Once you reach the ski station on the Osorno Vulcano you can take a ski lift to reach a lovely valley viewpoint. On the right of the ski station, a small path will also take you to a higher elevation where you can admire the cone of Chalbuco volcano and the valley between the two volcanoes. Depending on weather, you might find yourself above the clouds.

The access to the Petrohue falls and Green Lagoon is very easy with a carrier as the path is reasonably flat. The car can park just in front of the Osorno ski station so access is straightforward. Only if you want to climb further on the volcano, you would have some difficulties if accompanied by young children as the path gets a bit steep.

Day 3: discover Chiloe, at least a small part of it. This is a big archipelago ( there are several islands and the biggest one is called Chiloe) and you would need several days if you want to really immerse yourself in the nature of this place. Imagine rolling hills and painted houses on a blue background: it is a lovely quiet place. Even if you do not have the time for a long layover, we still believe that even a shorter trip will give some insight into this ancestral land, the last bastion of Spanish colonisation.

We chose again the knowledgeable and super nice guys at LS Travel Group to show us around as we were seeking to understand more about the history of the place. If you are by car, there is no difficulty in accessing it on your own. First you would need to make your way to Pargua ( about 50 min from Puerto Varas) and take a ferry across the channel. A one way crossing for a small vehicle is 13,000 CLP and takes 20-30 min.
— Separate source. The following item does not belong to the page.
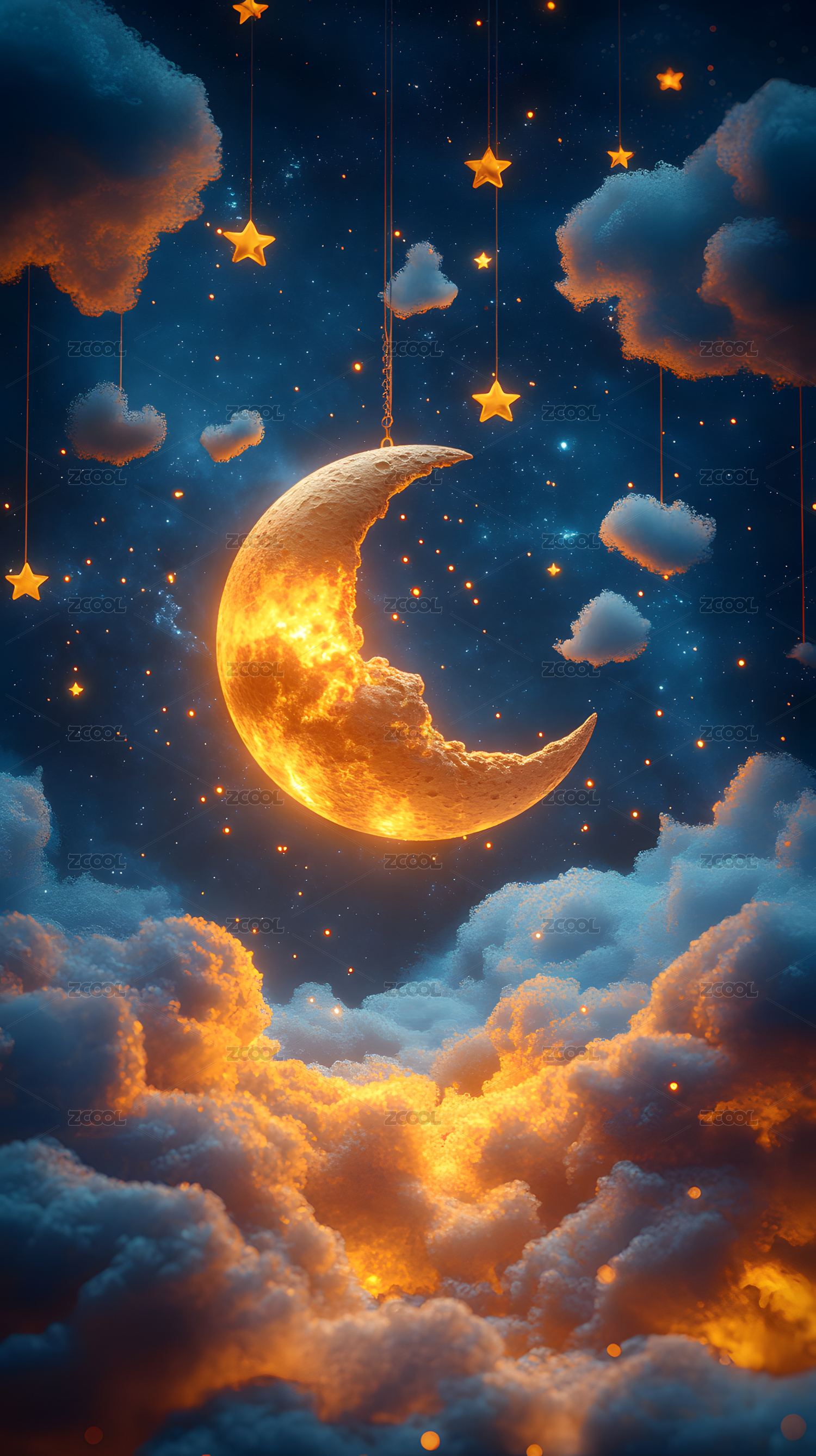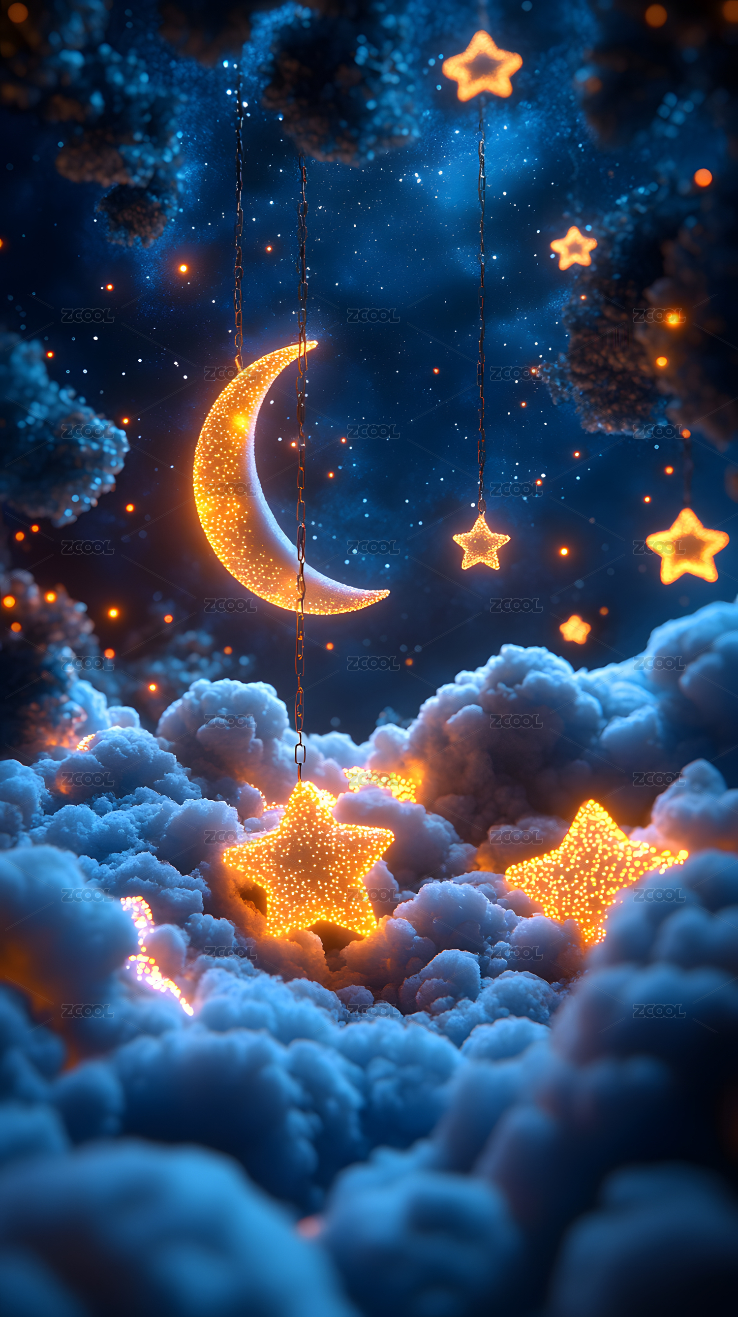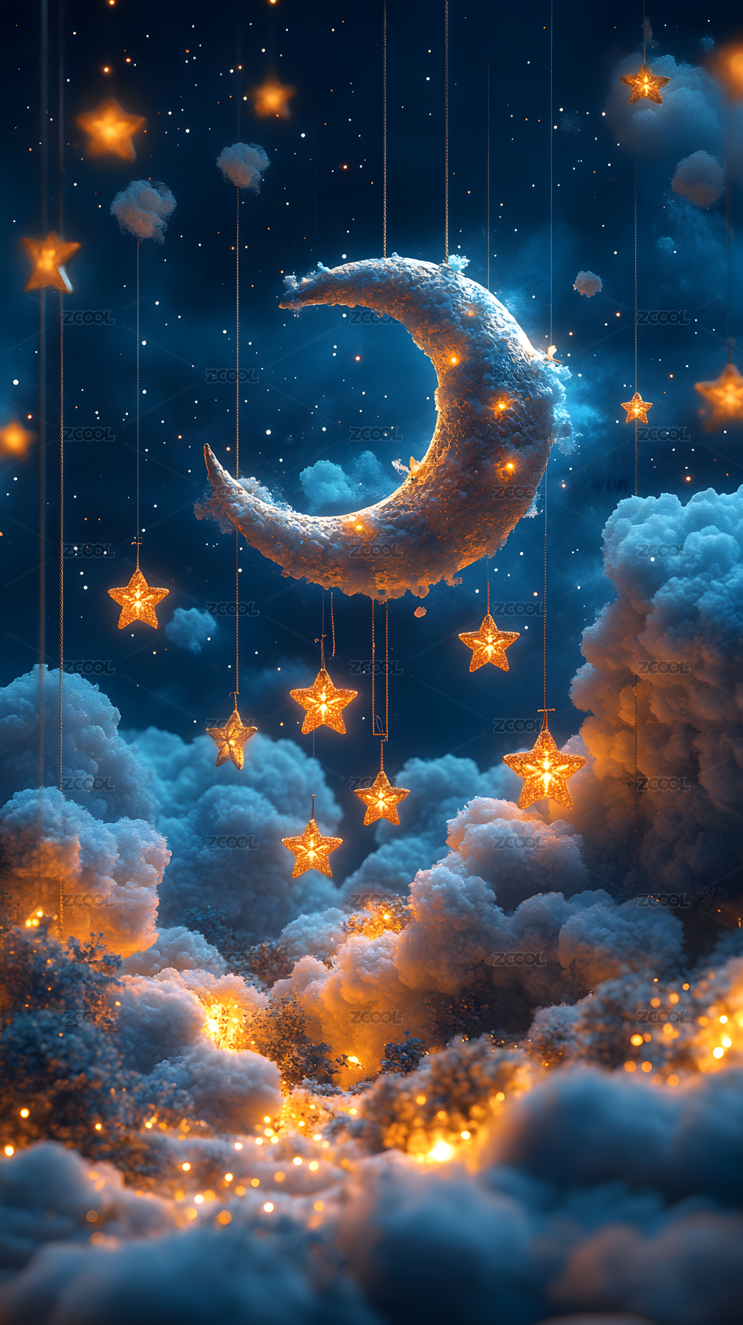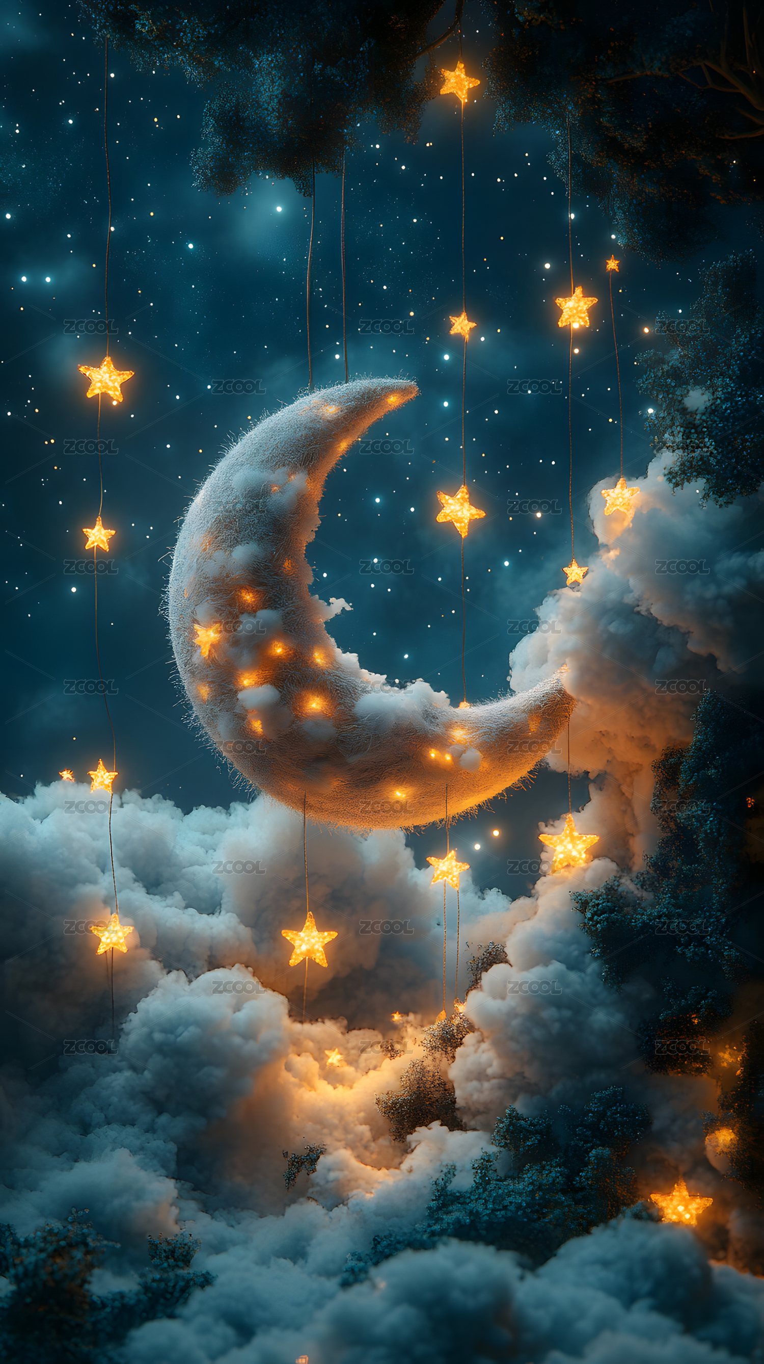 夜晚可爱羊毛毡毛绒星空3D卡通立体插画

If you only have one day on the island you would have to choose which part to visit. The entire island is about 190 km long and 60 kmwide with the South being a bit less easy to access by road. After doing some research, we decided to focus on the North part, including Castro, Ancud and the penguin colony in Punihuil. If you are into visiting UNESCO heritage sites, you should definitely aim to visit one of the wooden churches that Chiloe is well known for.
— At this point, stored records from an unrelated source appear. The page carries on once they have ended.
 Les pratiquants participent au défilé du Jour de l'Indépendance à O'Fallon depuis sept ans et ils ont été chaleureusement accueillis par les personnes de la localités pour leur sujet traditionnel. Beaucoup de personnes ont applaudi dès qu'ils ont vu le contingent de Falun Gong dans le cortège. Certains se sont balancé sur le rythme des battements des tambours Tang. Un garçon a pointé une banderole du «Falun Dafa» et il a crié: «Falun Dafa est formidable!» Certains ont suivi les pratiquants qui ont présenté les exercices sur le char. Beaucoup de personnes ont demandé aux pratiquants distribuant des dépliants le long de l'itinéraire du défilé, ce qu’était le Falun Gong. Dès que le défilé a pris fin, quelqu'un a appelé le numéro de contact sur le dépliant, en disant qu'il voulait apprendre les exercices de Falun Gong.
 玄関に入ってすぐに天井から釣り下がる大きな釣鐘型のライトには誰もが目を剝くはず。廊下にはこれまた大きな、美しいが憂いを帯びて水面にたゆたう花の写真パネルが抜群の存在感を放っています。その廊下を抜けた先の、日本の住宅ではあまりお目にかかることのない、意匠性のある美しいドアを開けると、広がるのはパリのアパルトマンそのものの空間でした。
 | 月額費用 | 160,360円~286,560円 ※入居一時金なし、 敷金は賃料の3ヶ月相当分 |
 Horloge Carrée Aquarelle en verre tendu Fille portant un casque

Ancud has a small but very well designed museum that showcases the beginning of Chiloe’s human settlement and later colonisation. For fossil enthusiasts, there is a skeleton of a big Blue whale in the interior garden. A very impressive sight, especially if travelling with older kids with an interest in animals.

Another highlight of the island is a visit to the penguin colony located in Islotes de Puñihuil. This is a natural monument and a breeding ground for Magellanic and the near-extinct Humboldt penguins, and a haven for blue whales. Following the road signs with ‘Pinguineria’ will take you to a remote beach on the North West of the island. Here, two companies organise boat trips to three neighbouring rockets where Magellanic and Humboldt penguins make their nests. The closer to the Summer months you visit, the more penguins you will see fishing and then making their way waddling up the rocks to bring food to the family. When we visited, the 30 min navigation costed 7000 for adults and 3500 for kids between 2 and 10 years old. There were 5 trips each day and for each of the two companies so try to get there before lunchtime.

During our three days in the Lakes District we tried a few restaurants recommended by locals. The one that gets top marks for view (in the pier), food ( good pizza and tartar) and family friendliness (high chairs, big tables and changing tables) is Mesa Tropea. Not to mention that they have their own very nice craft bier. We loved it so much we went there twice. It is very popular but if you go early ( 18h30 or so) you should be seated rather quickly.

Another good option for a quick lunch and extremely good cakes is Cafe Mawen. They also make fresh alfajores (biscuits with dulce de leche cream) that will make a lovely gift. They have high chairs too.

For some delicious seafood, try Casavaldes. It is a bit more expensive but remains a solid recommendation for good fish and nice lake views.

What are your favourite spots in Puerto Varas? We would love to hear you feedback. Thanks for reading and happy travels!